For rural enumeration, each cycle is further divided into two sub-cycles. For the 177 EICV3 villages, the cycle and sub-cycle were pre-determined. Households were re-interviewed in the same cycle, correponding to the same time of the year as they were in EICV3. To assign cycles to the new EICV4 sample EAs, random cycle numbers from 1 to 10 were generated to identify the selection sequence. For the 27 districts outside Kigali, sub-cycle numbers of 1 or 2 were assigned systematically with a random start. This process ensured that the final distribution of the sample EAs to cycles and sub-cycles was geographically representative within each district.
Response Rate
Of the 12,312 sample households selected in the new sample clusters for EICV4, only 79 were non-interviews, for a response rate of 99.4% for this sample. All of the 79 non-interviews were replaced. There were only 12 refusals, and there were few cases of houses that were empty or not found, given that the listing was conducted very close to the interviewing period.
Weighting
Since the EICV4 cross-sectional sample includes two independent subsets (the new EICV4 sample and a panel of households from 177 EICV3 villages) selected from different sampling frames, the probabilities of selection and the corresponding weights for each subset were calculated separately. Weights were first calculated separately for expanding the sample from each sampling frame to the national level; and then, a factor was applied to each set of weights to reflect the proportion of the overall sample within each district that comes from the corresponding sampling frame. Together, these weights would expand the combined data to the district level.

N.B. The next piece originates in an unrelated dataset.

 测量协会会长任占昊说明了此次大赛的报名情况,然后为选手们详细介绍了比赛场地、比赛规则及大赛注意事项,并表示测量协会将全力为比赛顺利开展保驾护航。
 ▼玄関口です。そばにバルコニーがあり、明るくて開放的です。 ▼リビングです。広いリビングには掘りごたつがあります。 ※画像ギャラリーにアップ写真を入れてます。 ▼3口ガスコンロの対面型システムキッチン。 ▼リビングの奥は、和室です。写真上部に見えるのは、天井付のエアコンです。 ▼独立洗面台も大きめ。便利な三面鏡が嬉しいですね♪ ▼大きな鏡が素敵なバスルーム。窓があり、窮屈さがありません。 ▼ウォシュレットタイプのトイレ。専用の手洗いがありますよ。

1) Weighting procedures for the new EICV4 sample
The basic sampling weight is the inverse of the probability of selection, computed at the EA level. Generally it is necessary to adjust the weights to take into account the non-interview households in each sample EA. However, during the EICV4 data collection in the new sample clusters, all of the non-interview households were replaced, so the final number of completed households is exactly 9 for each new sample EA in Kigali Province, and 12 for each new sample EA in the remaining provinces. Therefore there is no need to adjust the weights for nonresponse.
2) Weighting procedures for households from EICV3 villages
The probability of selection is the original probability of selection for the EICV3 sample households multiplied by the probability of selecting the subsample of EICV3 villages for the panel in the district. The basic sampling weight is calculated as the inverse of the probability of selection. Since this weight is based on the number of completed CS interviews inside each sample cluster, it is automatically adjusted for any nonresponse and replacements.

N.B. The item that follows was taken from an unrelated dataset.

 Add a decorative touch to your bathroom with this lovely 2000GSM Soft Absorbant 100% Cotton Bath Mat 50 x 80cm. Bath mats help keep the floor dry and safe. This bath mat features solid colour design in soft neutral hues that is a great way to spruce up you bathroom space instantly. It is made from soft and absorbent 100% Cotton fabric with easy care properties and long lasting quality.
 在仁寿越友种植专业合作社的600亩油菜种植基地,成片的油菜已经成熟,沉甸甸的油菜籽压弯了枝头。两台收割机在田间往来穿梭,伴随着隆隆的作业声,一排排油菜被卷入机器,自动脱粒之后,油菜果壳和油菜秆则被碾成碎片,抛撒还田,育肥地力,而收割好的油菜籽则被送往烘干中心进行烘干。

When the CS data for the new sample clusters and the panel clusters are combined, it is necessary to multiply the weights from each sample component by the proportion of the combined sample that comes from that component for the corresponding stratum.
The final combined weight variable is included in all cross-sectional sample files. To correctly account for the sample design in the computation of standard errors, analysts should specify the primary sampling units (clust) and strata (district).